***** DATA *****

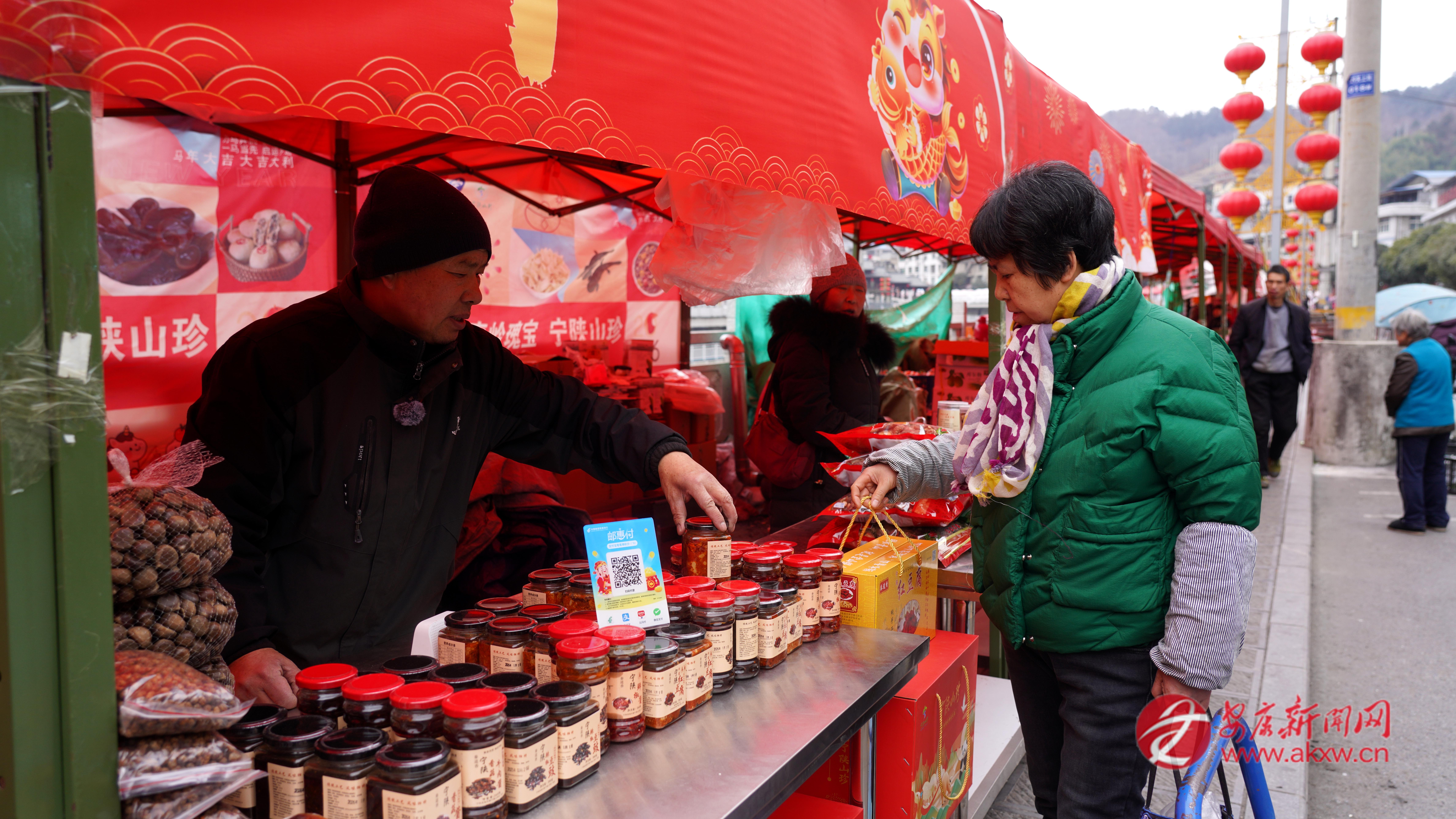 各鎮(zhèn)亦因地制宜打造特色市集。在廣貨街鎮(zhèn)“臘味年貨大集”上,舞獅花船沿街巡游,臘肉夾饃攤前排起長(zhǎng)隊(duì);在四畝地鎮(zhèn)文化廣場(chǎng),餃子熱氣騰騰,鄰里圍坐共話家常;在江口鎮(zhèn),全?;疱佈缦銡馑囊纭@紅火的年集,讓秦嶺小城的新春更有溫度、更有滋味。
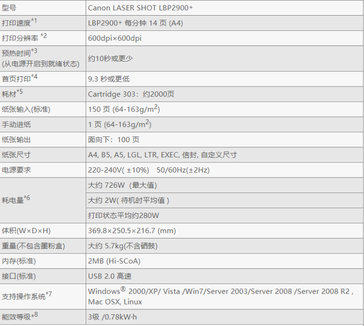 參數(shù) [品牌] 佳能 [型號] LBP2900+
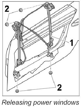 3. Unscrew fastening nuts -2- on power windows -1-.

*****

EXERCISE DETAILS:
After removing the pictures, restate the whole listing above word for word.

SOLUTION BELOW:
 各鎮(zhèn)亦因地制宜打造特色市集。在廣貨街鎮(zhèn)“臘味年貨大集”上,舞獅花船沿街巡游,臘肉夾饃攤前排起長(zhǎng)隊(duì);在四畝地鎮(zhèn)文化廣場(chǎng),餃子熱氣騰騰,鄰里圍坐共話家常;在江口鎮(zhèn),全?;疱佈缦銡馑囊纭@紅火的年集,讓秦嶺小城的新春更有溫度、更有滋味。
 參數(shù) [品牌] 佳能 [型號] LBP2900+
 3. Unscrew fastening nuts -2- on power windows -1-.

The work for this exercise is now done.